There are too many edges, we are showing all 136*136 co-expression links, so the resulting graph looks like a hairball.
All of the links have the same thickness, color, and opacity, so we cannot tell which links are stronger or weaker.
All of the nodes are colored the same, so we cannot tell which come from each module.
All of the nodes are labeled, so this may be too much information to effectively display at once.
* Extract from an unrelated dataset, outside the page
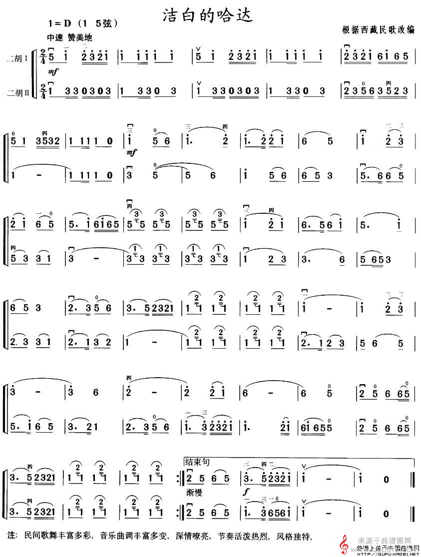 洁白的哈达(根据西藏民歌改编版洁白的哈达二重奏简谱胡琴谱)
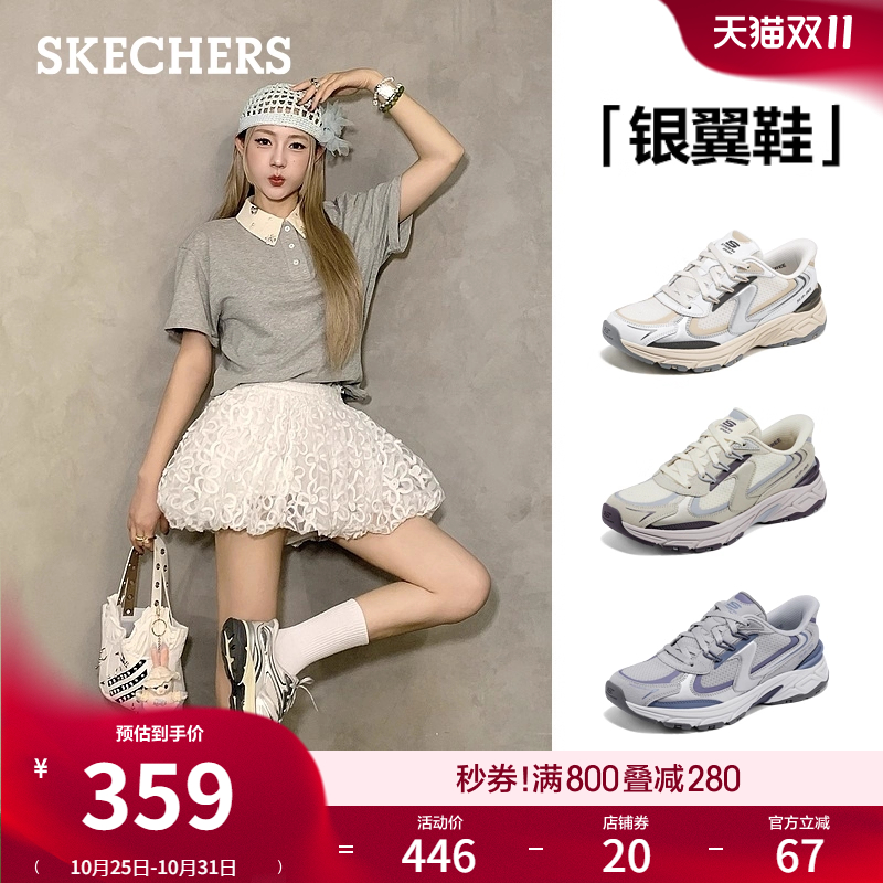 斯凯奇熊猫鞋秋冬季新款女鞋厚底增高休闲鞋银色老爹鞋时尚运动鞋

Let’s try to fix some of these problems. Next we will set the edges opacity (alpha) by the co-expression strength using geom_edge_link and we will color the nodes by each gene’s assigned module using geom_node_point. With igrah, we can use V(graph) to set attributes for the network’s nodes, in order to add the module information to the graph.

# set up the graph object with igraph & tidygraph
graph <- cur_TOM %>% 
  igraph::graph_from_adjacency_matrix(mode='undirected', weighted=TRUE) %>% 
  tidygraph::as_tbl_graph(directed=FALSE) %>% 
  tidygraph::activate(nodes) 

# add the module name to the graph:
V(graph)$module <- modules[V(graph)$name,'module']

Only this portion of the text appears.